The simulation generated 52 whole-dollar receipts out of 5,000, or about 1%.

Estimating the Probability of a Whole-Dollar Receipt

The previous computation is the result of a single simulation. In technical terms, it is a point-estimate for the probability of obtaining a whole-dollar receipt. If you run another simulation, you will get a slightly different estimate. If you run, say, 200 simulations and plot all of the estimates, you obtain the sampling distribution for the estimate. For example, you might obtain something that looks like the following histogram:


The histogram shows the estimates for 200 simulations. The vertical dashed line in the histogram is the mean of the 200 estimates, which is about 1%. So, on average, I should expect my grocery bills to be a whole-dollar amount about 1% of the time. The histogram also indicates how the estimate varies over the 200 simulations.

The Bootstrap Distribution of Proportions

The technique that I've described is known as a resampling or bootstrap technique.

In the SAS/IML language, it is easy to wrap a loop around the previous simulation and to accumulate the result of each simulation. The mean of the accumulated results is a bootstrap estimate for the probability that my grocery receipt is a whole-dollar amount. You can use quantiles of the accumulated results to form a bootstrap confidence interval for the probability. For example:

NumRep = 200;          /** number of bootstrap replications **/
Prop = j(NumRep, 1);   /** allocate vector for results **/
do k = 1 to NumRep;
   /** resample from the original data **/
   ...
   /** proportion of bills that are whole-dollar amounts **/
   Prop[k] = whole[:]; 
end;

meanProp = Prop[:]; 
/** LOAD or define the Qntl module here **/
call Qntl(q, Prop, {0.05 0.95});
print numItems meanProp q[label="90% CI"];

numItems

NumRep

meanProp

90% CI

40

200

0.010055

0.0081

0.0124

Notice that 90% of the simulations had proportions that are between 0.81% and 1.24%. I can use this as a 90% confidence interval for the true probability that my grocery receipt will be a whole-dollar amount.

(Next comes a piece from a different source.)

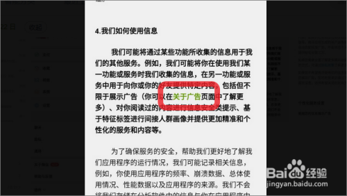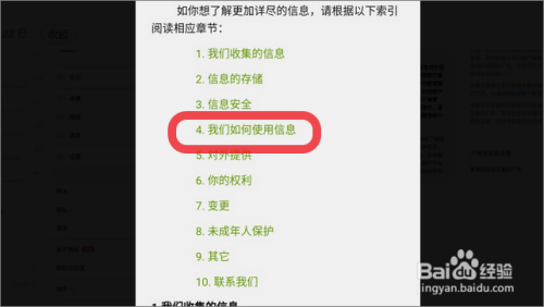 进入隐私庇护指引界面后,将页面下拉到中部,直到呈现如图所示界面,点击【我们如何利用信息】文字

You can download the complete SAS/IML Studio program that computes the estimates and creates the histogram.

Conclusions

My intuition was right: I showed that the chance of my grocery receipt being a whole-dollar amount is about one in a hundred. But, more importantly, I also showed that you can use SAS/IML software to resample from data, run simulations, and implement bootstrap methods.

What's next? Well, all this programming has made me hungry. I’m going to the grocery store!